The parameters of the laser overlay welding in the exemplary embodiment are preferably: the power is 4kW, the diameter of a light spot is 5mm, the linear scanning speed is 800mm/min, the overlap joint amount is 25%, the powder feeding speed is 18g/min, and the single-channel forming thickness is 1mm; the flow rate of the inert gas is 1.5L/min; the pressure was 0.2MPa. In the embodiment, after the wear-resistant alloy material is deposited on the working surface of the cutter ring body 1, a wear-resistant composite layer 2 is formed on the working surface of the cutter ring body 1; in the process of overlaying the wear-resistant alloy material, the melting point of the bonding extension particles in the wear-resistant material is lower and the bonding extension particles are changed into a molten state, so that the wear-resistant particles are bonded, and the wear-resistant material forms a stable wear-resistant composite layer 2 on the working surface of the cutter ring main body.

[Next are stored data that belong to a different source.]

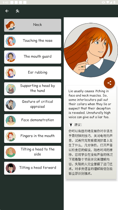 1.通过这个应用程序,您将学会理解肢体语言和手势,了解一个人的想法。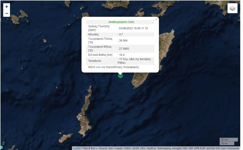 Το απόγευμα της Παρασκευής (3/6) ισχυρός σεισμός ταρακούνησε τη Ρόδο. Σύμφωνα με την αναθεωρημένη λύση του Γεωδυναμικού Ινστιτούτου, ο σεισμός ήταν 4,7 Ρίχτερ.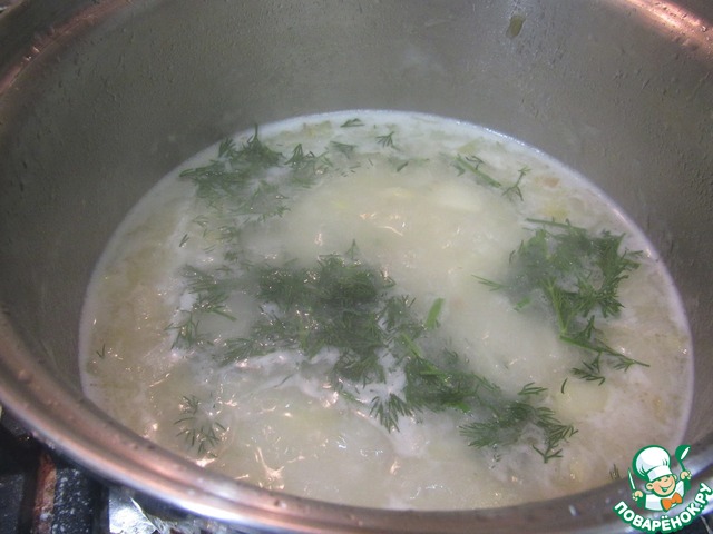 Добавляем зелень: укроп и зеленый лук. Провариваем 5 минут.
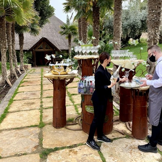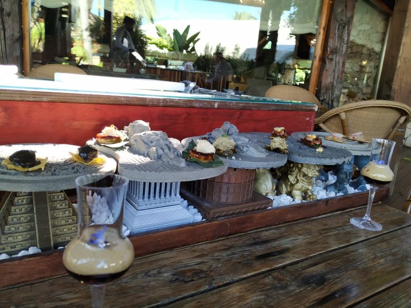 La experiencia sigue un recorrido prefijado: jardín, huerto, terraza y cabaña. En el jardín tomamos los primeros cuatro aperitivos en sendas estaciones temáticas a las que nos vamos desplazando paseando tranquilamente.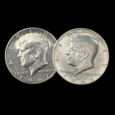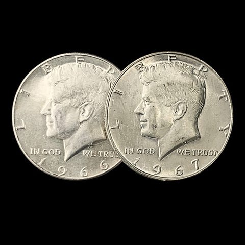 Yhdysvallat. Silver 2x ½ Dollar "Kennedy Half Dollar" Coin 1965/1967 ()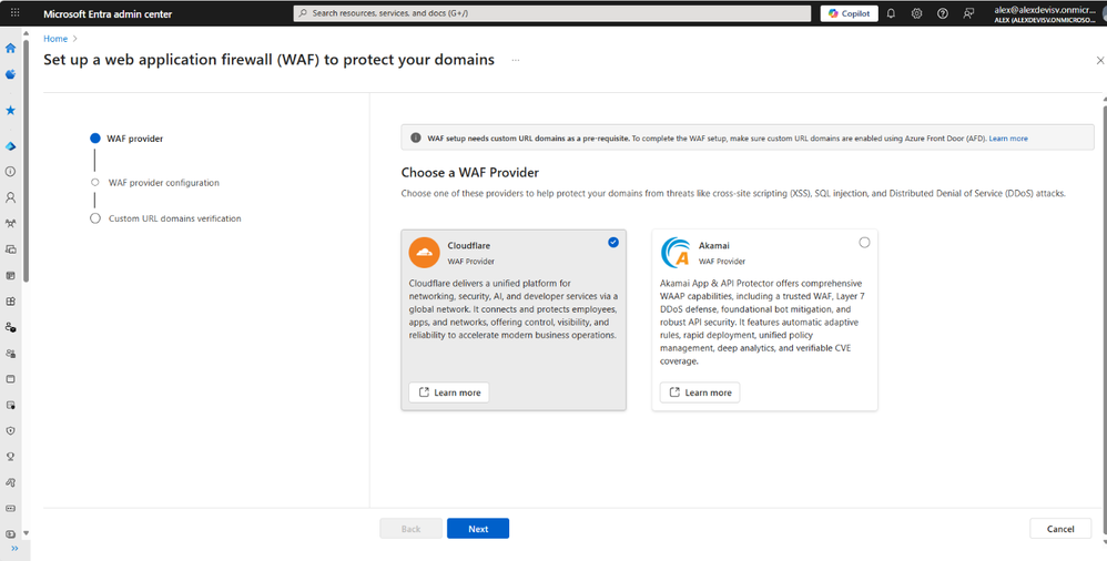 Cloudflare and Akamai deliver WAF to shield external-facing authentication endpoints from a range of threats like DDoS attacks, OWASP Top 10 risks, and malicious bots. This enables a layered security posture where traffic flows through Cloudflare or Akamai WAF, then Azure Front Door, before reaching your Microsoft Entra External ID tenant—keeping threats at bay before they reach your infrastructure.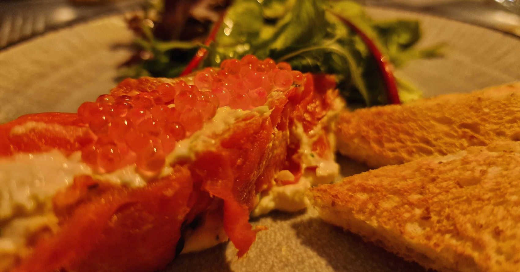 Vooraf een forelmousse met zalm en toast. Daarna een koude komkommersoep met feta kaas in filodeeg.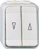Jalousietaster, 10 A 250V AC. Farbe: licht-/basaltgrau, mit mechanischer u. elektrischer Verriegelung gegen gleichzeitige Betätigung, nach Entfernung der Rückstellfeder auch als Jalousieschalter verwendbar, für Aufputzmontage. Schutzart IP 44, mit zwei Leitungseinführungen, Steckklemmen: Klemmbereich für Informationsleitungen ab Leitungsdurchmesser 0,5mm, für Kupferleiter 1,5 mm und 2,5 mm.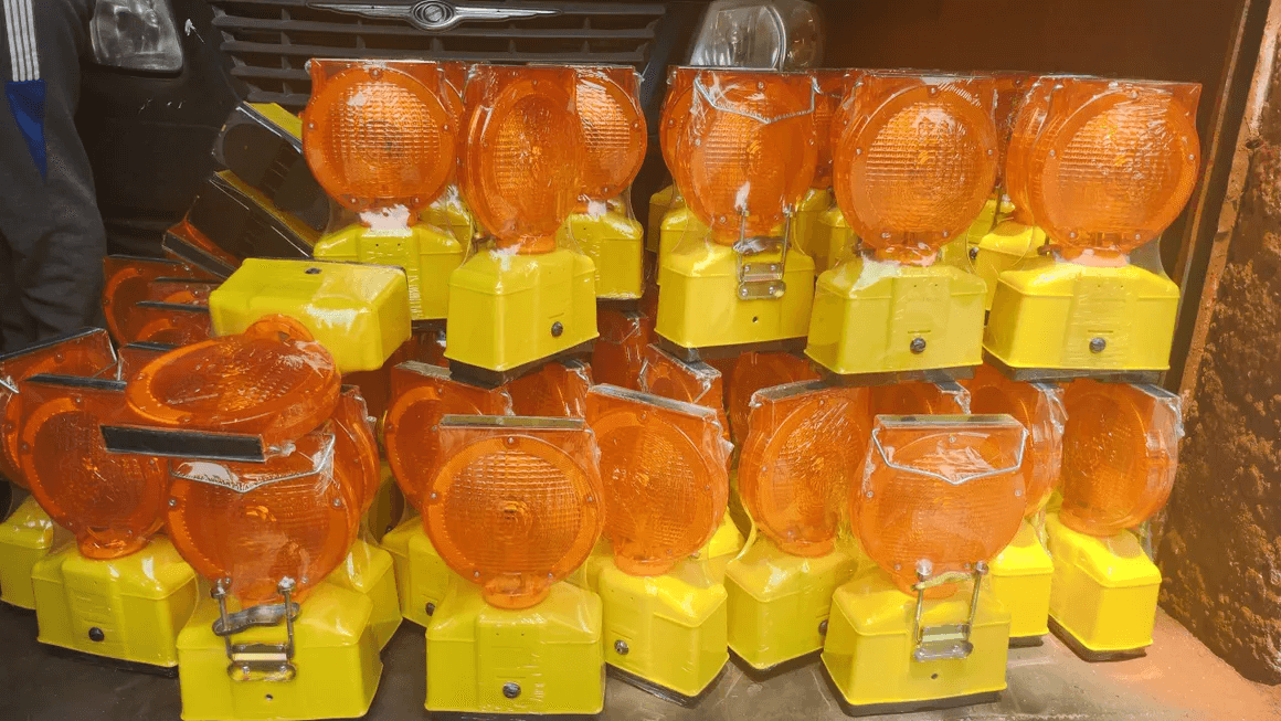 Trafitambo y trafitambo luminoso solar, esenciales para delimitar zonas de riesgo en obra.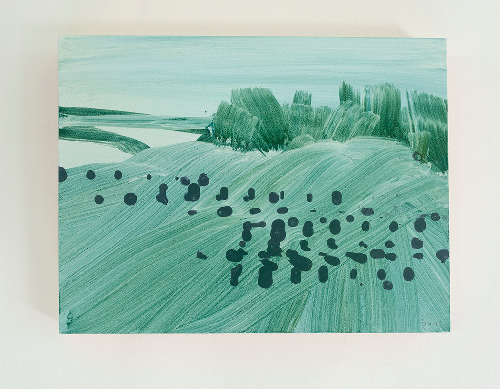 A dynamic emerald wash painting with a high point on the right, lakelike views to the left, and grey purple repeating marks in the foreground.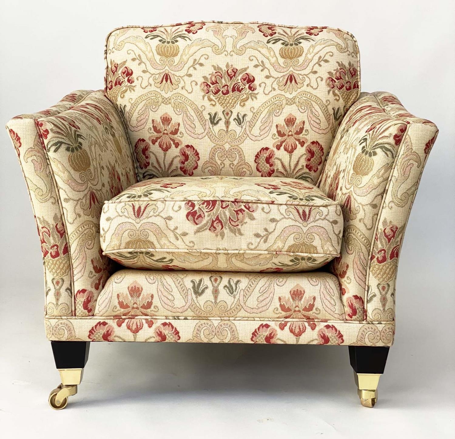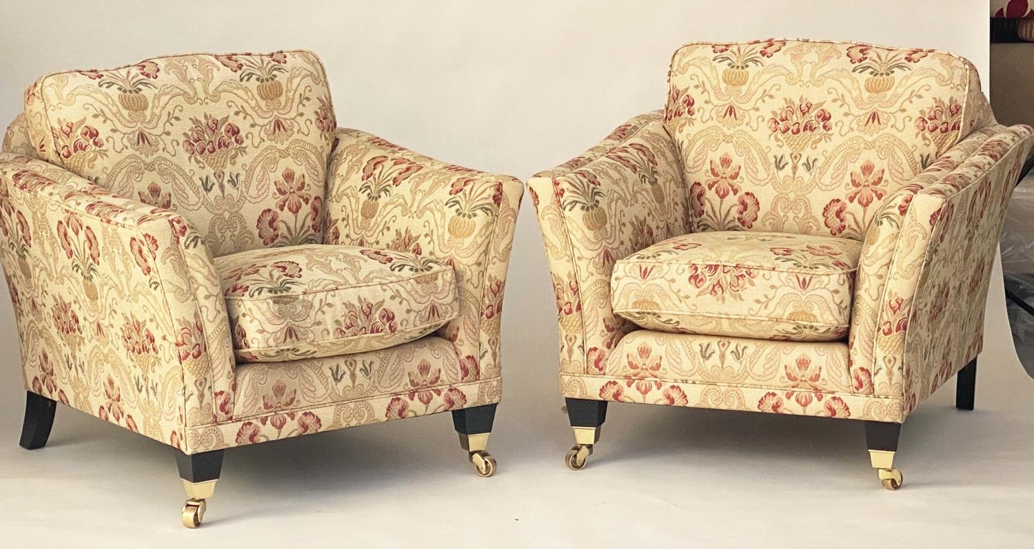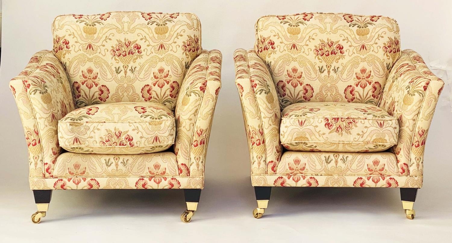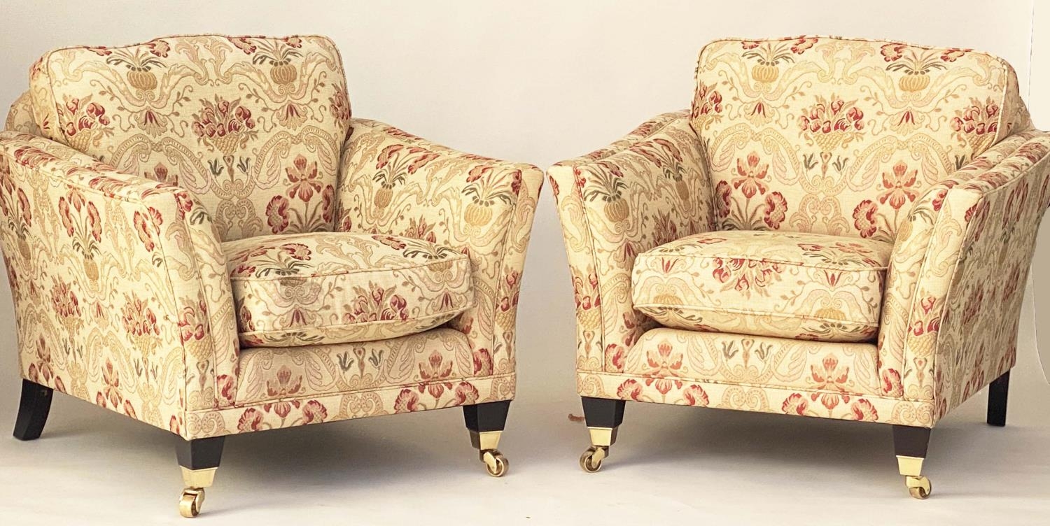ARMCHAIRS, a pair, tapestry weave upholstered with square outswept arms and tapering square supports with castors. (2)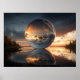 Poster Surreal Reflective Sphere With Sunset Clouds Over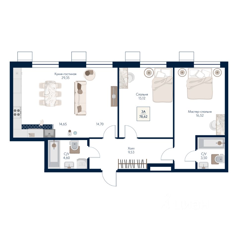Продаётся 3-комнатная квартира в строящемся доме (Секции 1-5), срок сдачи: III-кв. 2028, общей площадью 78.62 кв.м., на 3 этаже. Новый жилой комплекс "Бархат" от застройщика "СЗ Глобалмытищи" расположен по адресу: г. Мытищи, Ядреевская улица.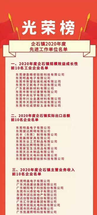3月3日上午,企石鎮(zhèn)召開2020年度工作總結(jié)大會,發(fā)布了《企石鎮(zhèn)2020年度先進(jìn)工作單位名單》,包括《2020 年度企石鎮(zhèn)規(guī)模效益成長性前10名工業(yè)企業(yè)名單》《2020 年度企石鎮(zhèn)實際出口總額前10名企業(yè)名單》《2020 年度企石鎮(zhèn)主營業(yè)務(wù)收入前10名企業(yè)名單》等10份名單。會議對2020年度企石鎮(zhèn)主營業(yè)務(wù)收入前10名企業(yè)進(jìn)行了現(xiàn)場表彰。新望公司有幸入列:企石鎮(zhèn)2020年度規(guī)模效益成長性前10名。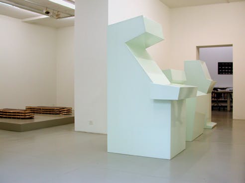 In her pieces, industrialization, mass production processes, and the laws of efficiency are brought up against the role of handmade artifacts and the sphere of the dysfunctional. McBride thus pushes the boundaries and the qualities of the white cube, a spatial modality that is often considered indispensable for the neutrality required to exhibit artworks. Once they have been inserted into these apparently passive environments, McBride's works question the allocation of functions that define and differentiate the museum, domestic space and the urban sphere. —Museu d'Art Contemporani de Barcelona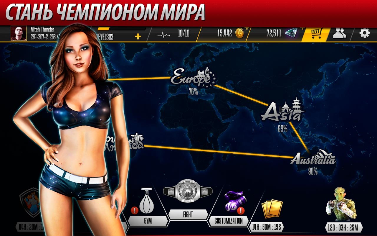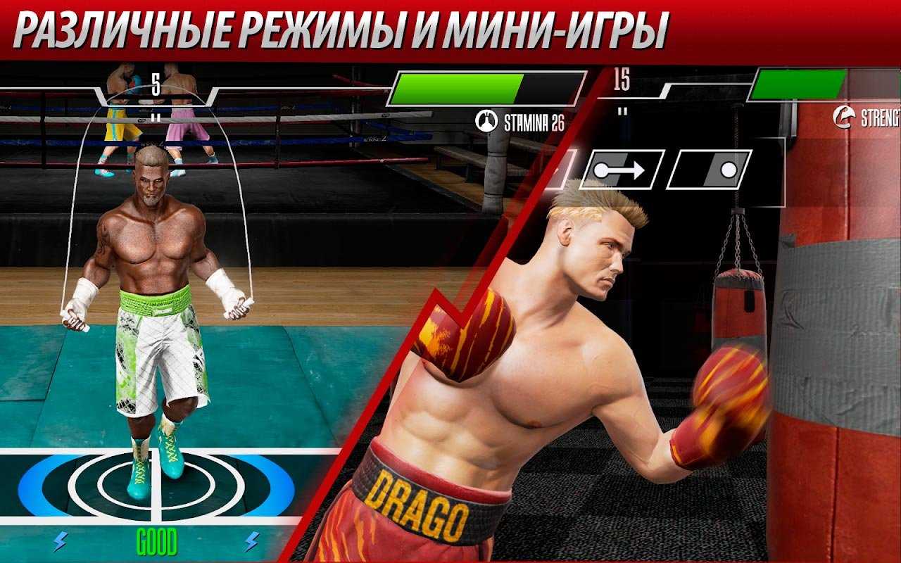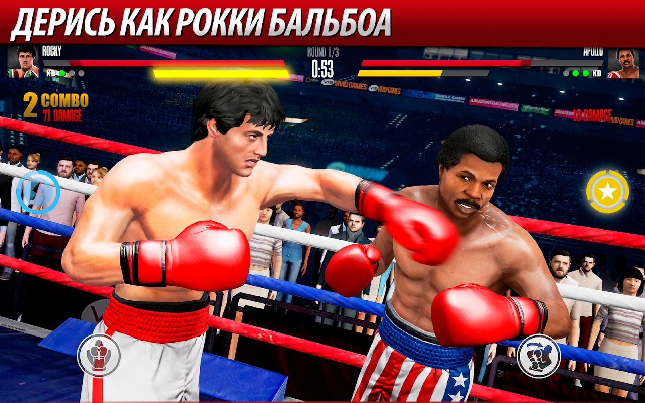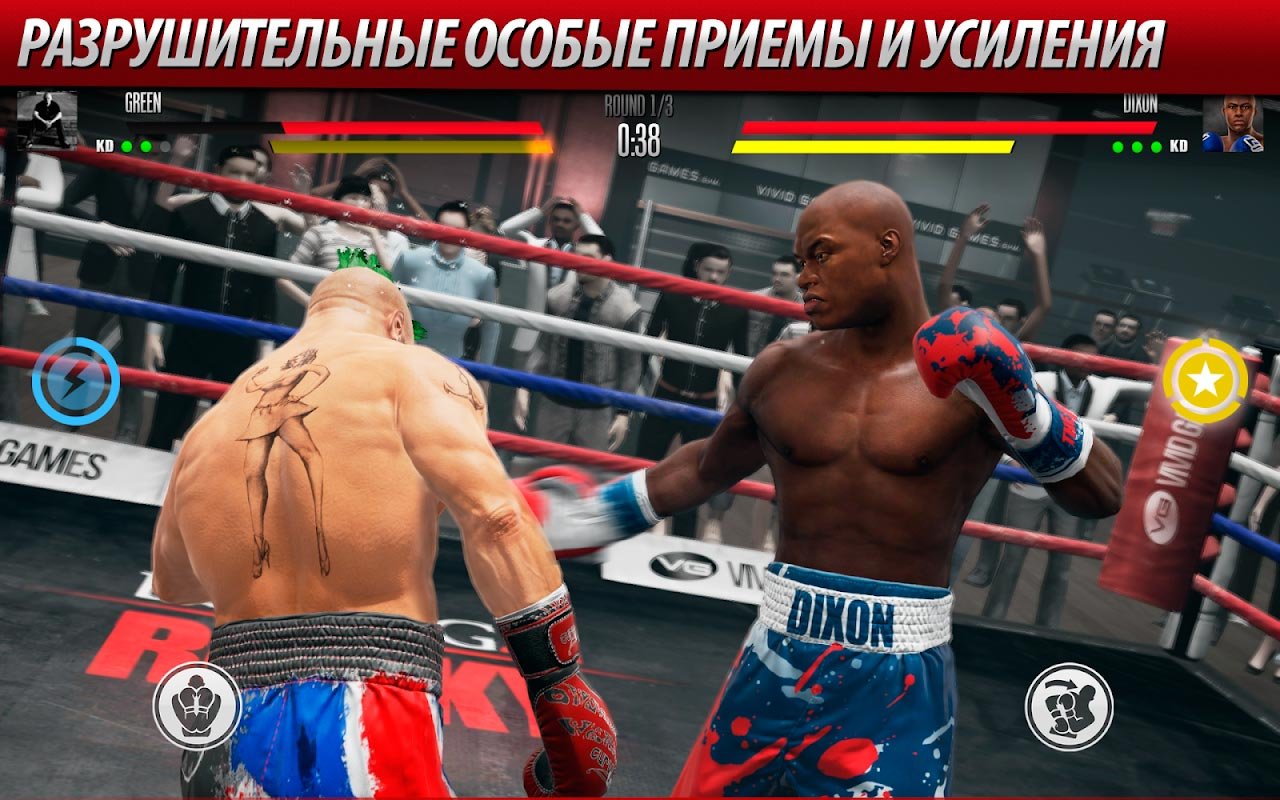 В процессе получайте адреналин от такой реалистичности трехмерной графики и современности физического движка. Научитесь выполнять мощные удары с левой и правой, а также апперкот. Подбирайтесь как можно ближе в Real Boxing 2 ROCKY к вершине карьерной лестнице и завладейте всеми чемпионскими поясами. Используйте персонализацию, чтобы изменить внешний вид своего бойца. Попробуйте проверить способности своего персонажа в режиме реального времени и сражайтесь с настоящими игроками, побеждая их. Настраивайте характеристики и прокачивайте уровень.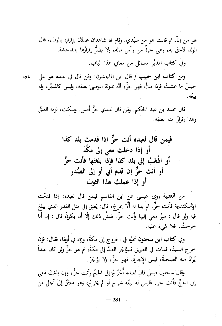 هو من زنا ثم قالت هو من سيدى. وقام لها شاهدان عدلان باقراه بالوطء, قال الولد لاحق به, وهى حرة من رأس ماله, ولا يضر إقرارها بالفاحشة. وفى كتاب المدبر من معانى هذا الباب. ومن كتاب ابن حبيب/ قال ابن الماجشون: ومن قال فى عبده هو على حبس ما عشت فّا مت فهو حر, أنه بمنزلة الموصى بعتقه, وليس كالمدبر, وله بيعه. قال محمد بن عبد الحكم: ومن قال عبدى حر أمس. وسكت, لزمه العتق وهذا إقرار منه بعتقه. فيمن قال لعبده أنت حر إذا قدمت بلد كذا أو دخلت معى إلى مكة أو ذهبت إلى بلد كذا فإذا بلغتها فأنت حر أو أنت حر إن قدم أبى أو إلى الصدر أو ّذا علمت هذا الثوب من العتبية روى عيسى عن ابن القاسم فيمن قال لعبده: إذا قدمت الاسكندرية فانت حر. ثم بدا ألا يخرج, قال: يعتق إلى مثل القدر الذى يبلغ فيه ولو قال: سر معى إليها وأنت حر. فمثل ذلك إلا يكون أن يكون قال: إن أنا خرجت. فلا شىء عليه. وفى كتاب ابن سحنون نحوه فى الخروج إلى مكة, وزاد في أولها فقال: فإن خرج السيد, فمات فى الطريق فليؤاجر العبد إلى مكة, ثم هو حر ولو كان عبدا يراد منه الصحبة, ليس إلاجازة , فهو حر,, ولا يؤاجر. وقال سحنون فيمن قال لعبده أخرج إلى الحج وأنت حر, وإن بلغت معى إلى الحج فأنت حر. فليس له بيعه خرج أو لم يخرج, وهو معتق إلى أجل من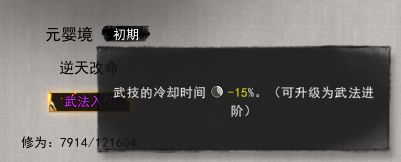 另外:今天升元婴逆天改命新发现一个“武法入门”,大部分游戏攻略网站上都没列这个,不知道是不是跟血手一起刚更新出来的,百度搜到后面有进阶和精通,最高据说能减40%普攻CD。
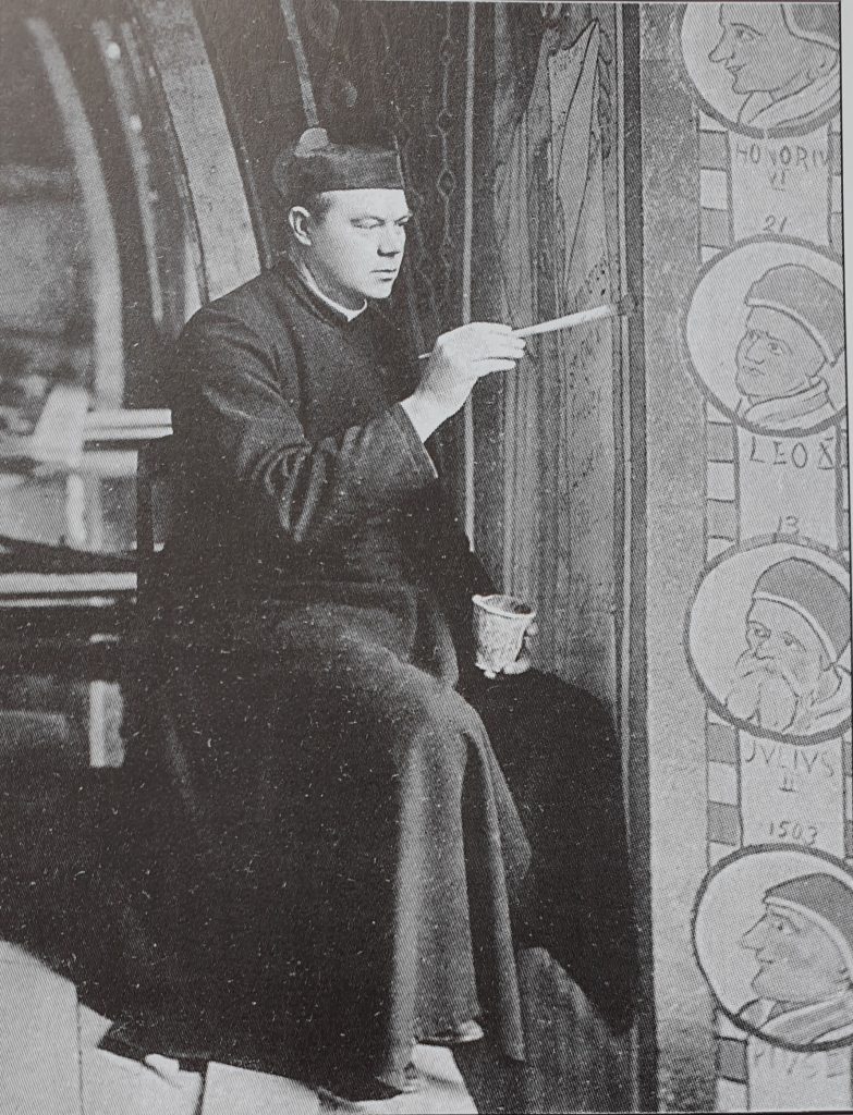 Auffallend viele Bildmotive aus der Welt der Musik hat er in die Gemälde der Eschfelder Kirche eingefügt. Dies geschah nicht zufällig, war er doch überdies ein ausübender Musiker mit Talent und vielseitigen musikalischen Aktivitäten.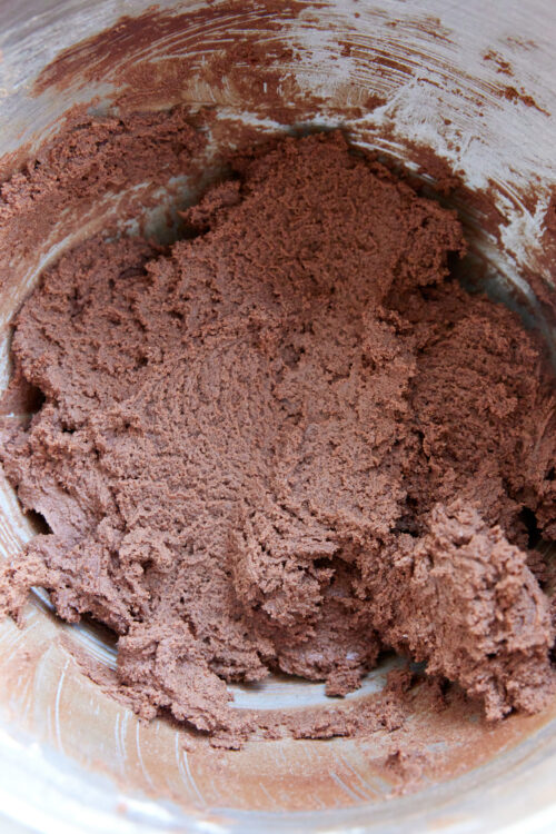 - Add salt, baking powder, and cocoa powder to the bowl. Then gently mix in the melted chocolate. Gradually add the all-purpose flour, one cup at a time, mixing until the dough comes together. If the dough feels too sticky, chill it in the refrigerator for 15-20 minutes.

The wear-resistant alloy material in this embodiment includes: 33-67% by mass of binding extension particles and 33-67% by mass of wear-resistant particles; without being limited by any theory, the mass percentage of the binding extension particles and the wear-resistant particles are regulated, so that the mass percentage of the binding extension particles and the mass percentage of the wear-resistant particles are 33% -67%, and a good synergistic effect is formed between the binding extension particles and the wear-resistant particles, thereby being beneficial to improving the wear resistance and the impact toughness of the wear-resistant alloy material.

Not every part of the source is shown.